China slowdown not affecting iodine spot price

By Michael Greenfield, Michael Greenfield
Published: Friday, 21 February 2020

The outbreak of the novel coronavirus (2019-nCoV) and the subsequent slowdown in China, one of the world’s largest iodine consumers, is yet to have an impact on the iodine spot market, as the price held firm this week.

The country rivals markets such as the United States and India in terms of the volumes of iodine it consumes, but the lack of purchasing has not moved Fastmarkets’ assessed price for the material amid adequate stocks.

Fastmarkets’ assessment of iodine min 99.5%, spot, delivered Europe/US, cif Asia, was $35-39 per kg on February 20, flat week on week, but up by $2.50 per kg or 7.2%, since the start of the year.

"China is a huge consumer of iodine, but there has been no effect on the iodine prices," one iodine producer said.

"I was guessing that the price will drop or stop growing at least since one of the largest buyers is having a problem with iodine derivatives production [because workers have not returned to the plants]," the producer added.

The price has moved higher in four of the eight assessments so far this year, although this includes an assessment on January 2, when many market participants were still on holidays for the Gregorian calendar New Year. Prices were rolled over due to a lack of data to make a qualified assessment.

During 2019, the price rose by $8 per kg or 26%, compared with only $2.50 per kg or 10.4% throughout 2018.

The latest rally was triggered by a price war between producers, which forced some iodine output out of the market and squeezing supply. Market tightness has underpinned all the subsequent price movements.
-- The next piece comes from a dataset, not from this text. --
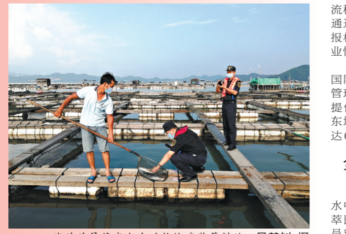
海关关员落实水生动物检疫监管措施

清晨，揭阳市揭西县坪上镇鸿锦蔬菜种植基地，在海关关员监管下，菜农将田间刚采摘的新鲜小白菜过秤、装箱，准备运往港澳市场；晌午，在梅州市梅县区阿海水果专业合作社出口柚园，海关关员忙着查看柚果生长情况，组织实施检验检疫实蝇监测；傍晚，经海关检验检疫合格，满载鲈鱼、红色海水箱养殖活鱼的渔船，从潮州市饶平县养殖场启运海外……日暮晨昏，寒暑荣枯，汕头海关关员始终身在一线，为粤东地区（包括汕头、潮州、揭阳、汕尾、梅州五市，下同）出口食品农产品安全保驾护航。

"We buy from the iodine producer at a high price due because other regional markets have a high price. But we sell for a low margin because the Chinese iodine consumers have big stocks and factories cannot digest much inventory at the moment," one trader said.

In the long term, demand may also change, according to the trader.

Many smaller factories may not have the financial resources to upgrade sites to adhere to Beijing’s environmental restrictions and may come offline altogether, the trader said.